Items listed in a dataset
..............................

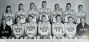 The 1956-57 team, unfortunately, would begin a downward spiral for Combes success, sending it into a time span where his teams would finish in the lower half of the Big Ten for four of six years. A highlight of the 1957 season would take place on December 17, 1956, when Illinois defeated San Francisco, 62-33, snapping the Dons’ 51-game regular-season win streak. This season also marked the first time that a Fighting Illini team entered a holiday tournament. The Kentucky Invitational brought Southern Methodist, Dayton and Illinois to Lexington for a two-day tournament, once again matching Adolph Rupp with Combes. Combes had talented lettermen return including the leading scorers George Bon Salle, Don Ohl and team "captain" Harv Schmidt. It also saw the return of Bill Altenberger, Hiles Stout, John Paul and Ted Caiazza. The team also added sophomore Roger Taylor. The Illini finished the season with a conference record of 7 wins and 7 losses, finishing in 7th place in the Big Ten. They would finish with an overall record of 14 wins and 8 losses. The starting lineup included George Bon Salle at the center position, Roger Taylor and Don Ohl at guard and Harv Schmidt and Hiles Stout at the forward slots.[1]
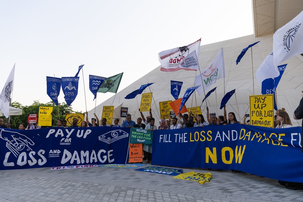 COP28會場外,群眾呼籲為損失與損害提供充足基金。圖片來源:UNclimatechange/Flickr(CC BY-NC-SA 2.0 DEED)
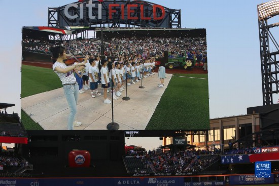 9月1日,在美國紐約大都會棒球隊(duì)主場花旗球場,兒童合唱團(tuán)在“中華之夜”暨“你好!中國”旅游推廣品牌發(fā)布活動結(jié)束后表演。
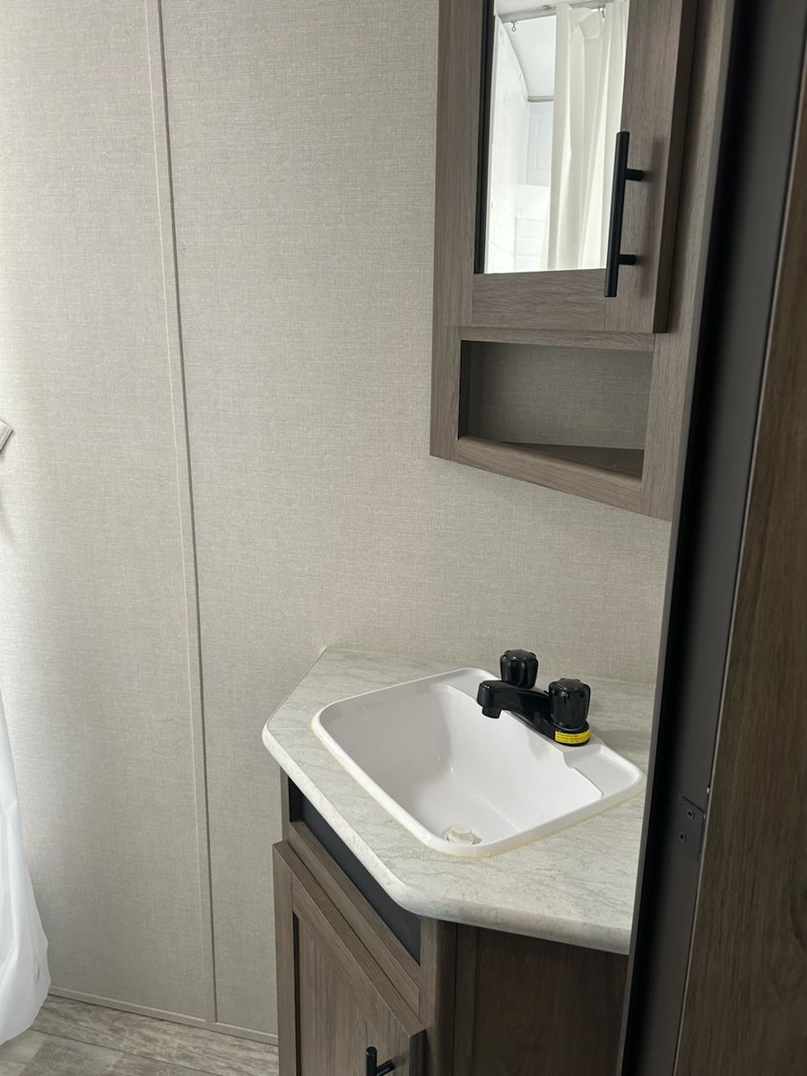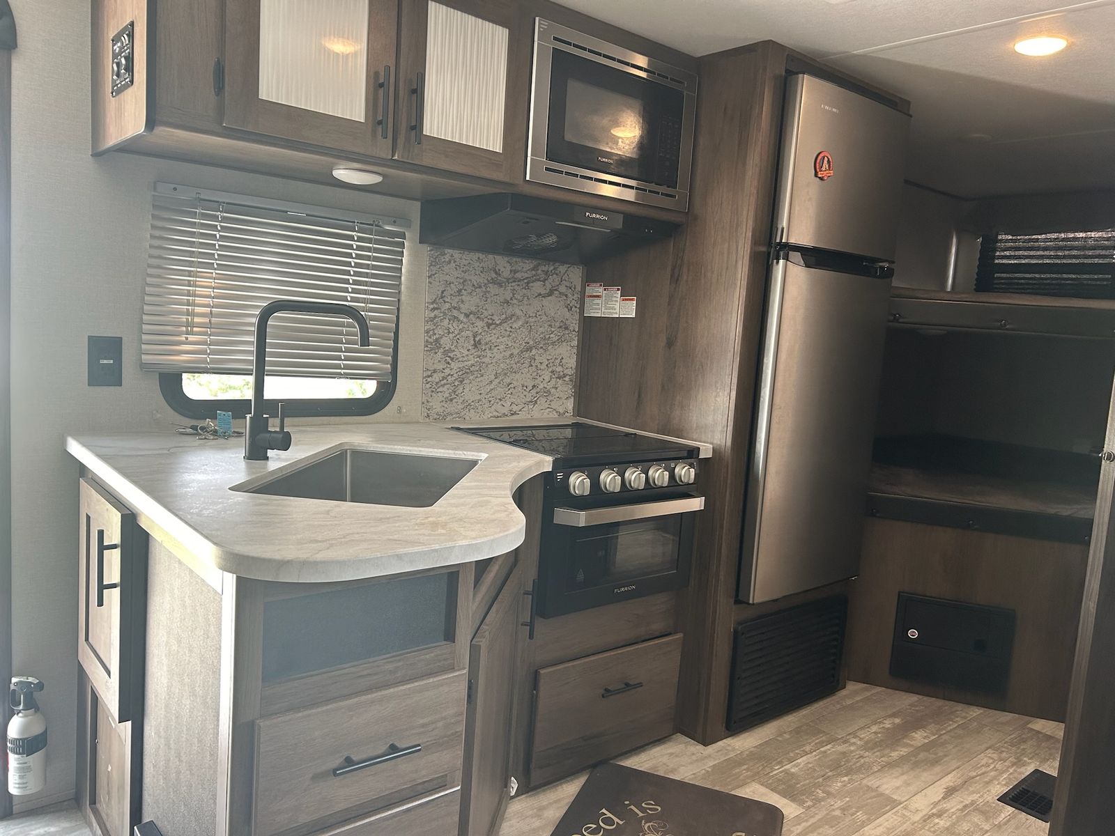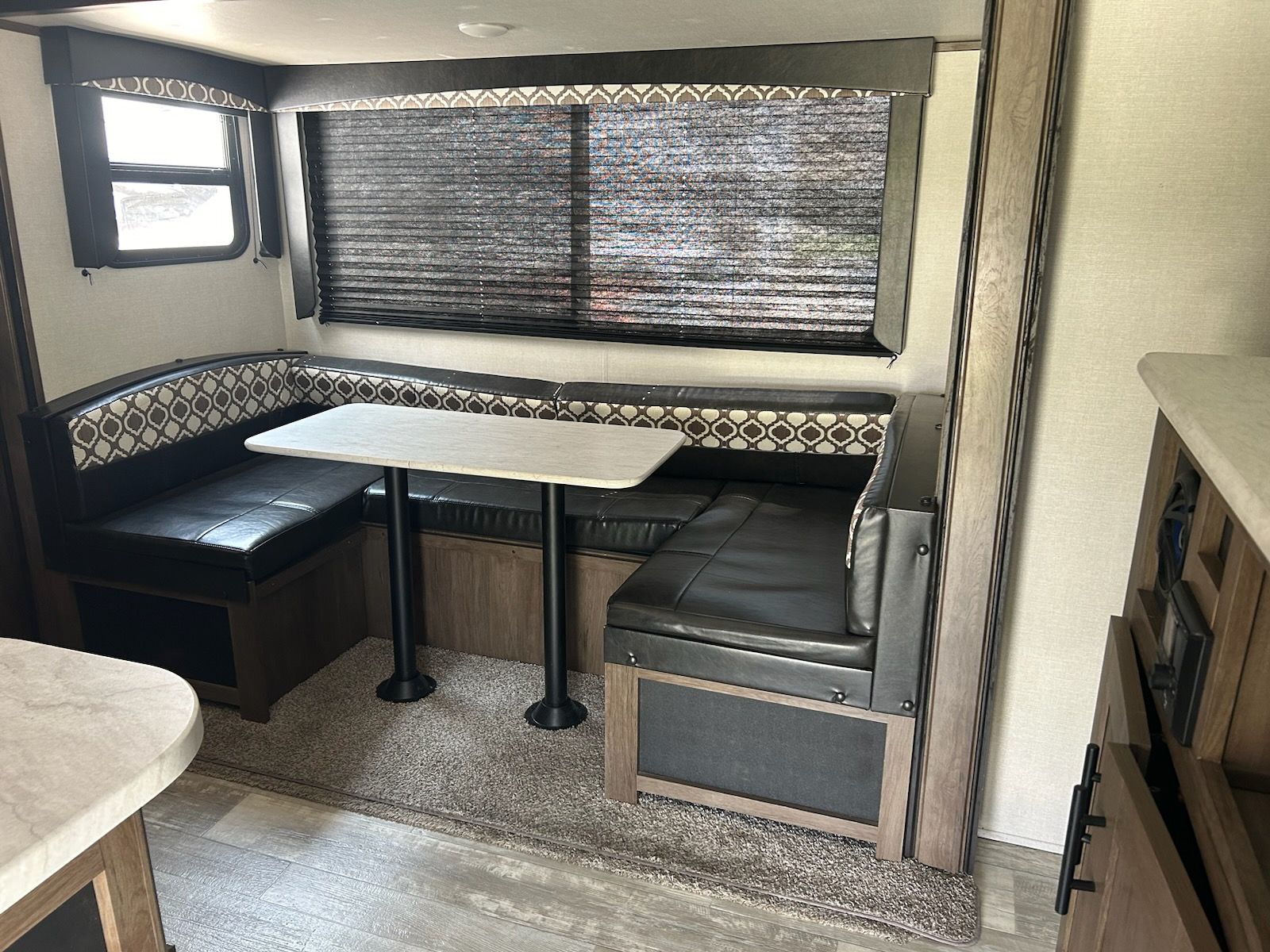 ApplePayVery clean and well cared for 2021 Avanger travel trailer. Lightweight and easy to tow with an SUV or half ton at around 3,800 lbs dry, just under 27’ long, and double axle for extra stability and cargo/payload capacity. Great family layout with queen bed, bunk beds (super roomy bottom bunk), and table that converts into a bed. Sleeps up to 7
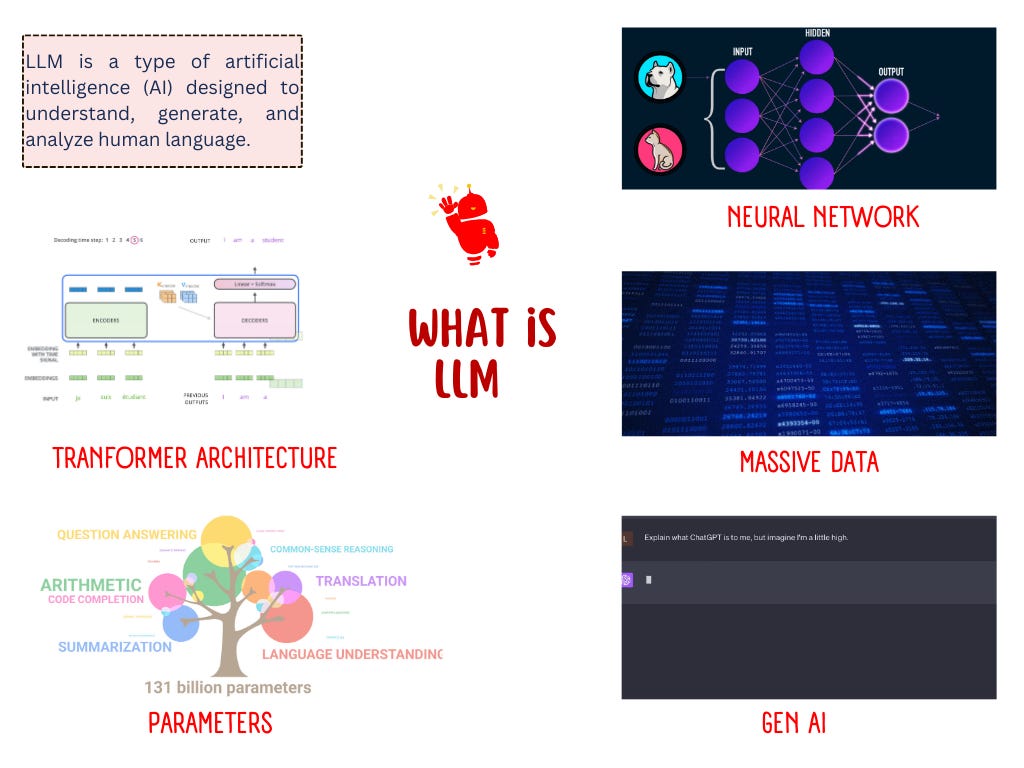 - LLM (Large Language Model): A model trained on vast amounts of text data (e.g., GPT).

..............................

AIM OF THE TASK
Each line above should be returned exactly as written, apart from any pictures.

OUTPUT FOR THIS TASK
 The 1956-57 team, unfortunately, would begin a downward spiral for Combes success, sending it into a time span where his teams would finish in the lower half of the Big Ten for four of six years. A highlight of the 1957 season would take place on December 17, 1956, when Illinois defeated San Francisco, 62-33, snapping the Dons’ 51-game regular-season win streak. This season also marked the first time that a Fighting Illini team entered a holiday tournament. The Kentucky Invitational brought Southern Methodist, Dayton and Illinois to Lexington for a two-day tournament, once again matching Adolph Rupp with Combes. Combes had talented lettermen return including the leading scorers George Bon Salle, Don Ohl and team "captain" Harv Schmidt. It also saw the return of Bill Altenberger, Hiles Stout, John Paul and Ted Caiazza. The team also added sophomore Roger Taylor. The Illini finished the season with a conference record of 7 wins and 7 losses, finishing in 7th place in the Big Ten. They would finish with an overall record of 14 wins and 8 losses. The starting lineup included George Bon Salle at the center position, Roger Taylor and Don Ohl at guard and Harv Schmidt and Hiles Stout at the forward slots.[1]
 COP28會場外,群眾呼籲為損失與損害提供充足基金。圖片來源:UNclimatechange/Flickr(CC BY-NC-SA 2.0 DEED)
 9月1日,在美國紐約大都會棒球隊(duì)主場花旗球場,兒童合唱團(tuán)在“中華之夜”暨“你好!中國”旅游推廣品牌發(fā)布活動結(jié)束后表演。
 ApplePayVery clean and well cared for 2021 Avanger travel trailer. Lightweight and easy to tow with an SUV or half ton at around 3,800 lbs dry, just under 27’ long, and double axle for extra stability and cargo/payload capacity. Great family layout with queen bed, bunk beds (super roomy bottom bunk), and table that converts into a bed. Sleeps up to 7
 - LLM (Large Language Model): A model trained on vast amounts of text data (e.g., GPT).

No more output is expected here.